Mais lui comme les autres cueilleurs indépendants sont maîtres du temps. Celui qui s’arrête quand vient l’heure de la passion, de la méditation. Celui des gestes ancestraux du cueilleur - soit les racines mêmes de l’humanité alors que paradoxalement aucun statut n’existe aujourd’hui.

Une aberration de plus dans un monde qui ne tourne plus rond. Mais la demande comme une prise de conscience ravive l’intérêt pour ces plantes cosmétiques, alimentaires et médicinales ; ces mauvaises herbes qui soignent et participent au bien-être.

"La demande en plantes sauvages est en plein essor avec la prise de conscience de manger et de se soigner sain alors nous devons préserver les ressources. Nous comptons une centaine d’adhérents et il y en a autant qui ont fait leur demande car beaucoup de gens, au mitan de leur vie, souvent des cadres, souhaitent trouver un sens à leur vie." Mickaël, membre de l'Association française des professionnels de la cueillette des plantes sauvages
 

« La montagne sera toujours une terre de refuge », assure-t-il convaincu face au chaos. Changer le rapport à la nature, rendre fertile les sols, la terre nourricière, ce n’est pas une mince affaire. Sur ces terres mirifiques et bucoliques, les cueilleurs n’ont que l’allure du poète.
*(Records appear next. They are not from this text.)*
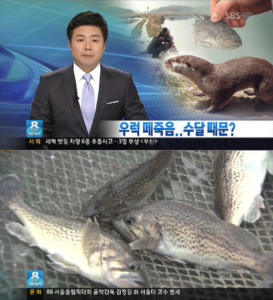 전문가들에 따르면 우럭 떼죽음은 천연 기념물 330호 수달 때문이다.
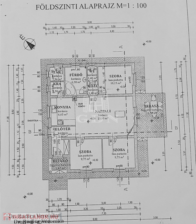 Tájolása: D-K-i, méretek és elrendezés az alaprajzon látható.
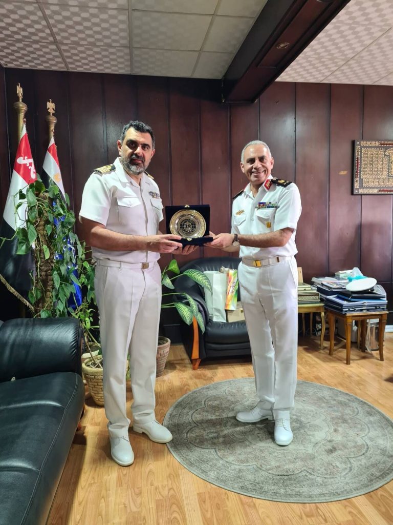 Κατά τη διάρκεια της παραμονής της Φ/Γ ΝΙΚΗΦΟΡΟΣ ΦΩΚΑΣ στην Αλεξάνδρεια, σύμφωνα με ανακοίνωση του ΓΕΕΘΑ, έλαβε χώρα εθιμοτυπική επίσκεψη του Κυβερνήτη στον Διοικητή της Ναυτικής Βάσης Αλεξάνδρειας Rear Admiral Ayman Eldaly.

Ils connaissent le nom des plantes en ramassant et leurs vertus en cheminant. Les pieds sur terre pour savoir mieux que quiconque l’intérêt de sauver notre humanité. Autour de la besace aux odeurs enivrantes, les insectes rendent la musique entêtante. La vie est là, bien réelle. Elle fourmille, saute et bourdonne.

Après l’effort, vient l’heure du pique-nique. Emile fait goûter « son mescladis à base d’eau gazeuse d’Aubrac, gentiane et cassis », Michaël apporte ses patates du jardin et biscuits de sa compagne, Natacha et Iwan leurs melons. Tout est fait maison puisque celle-ci est leur jardin. Le nôtre. Sous nos pas. La Terre. Et le paradis à l’intérieur.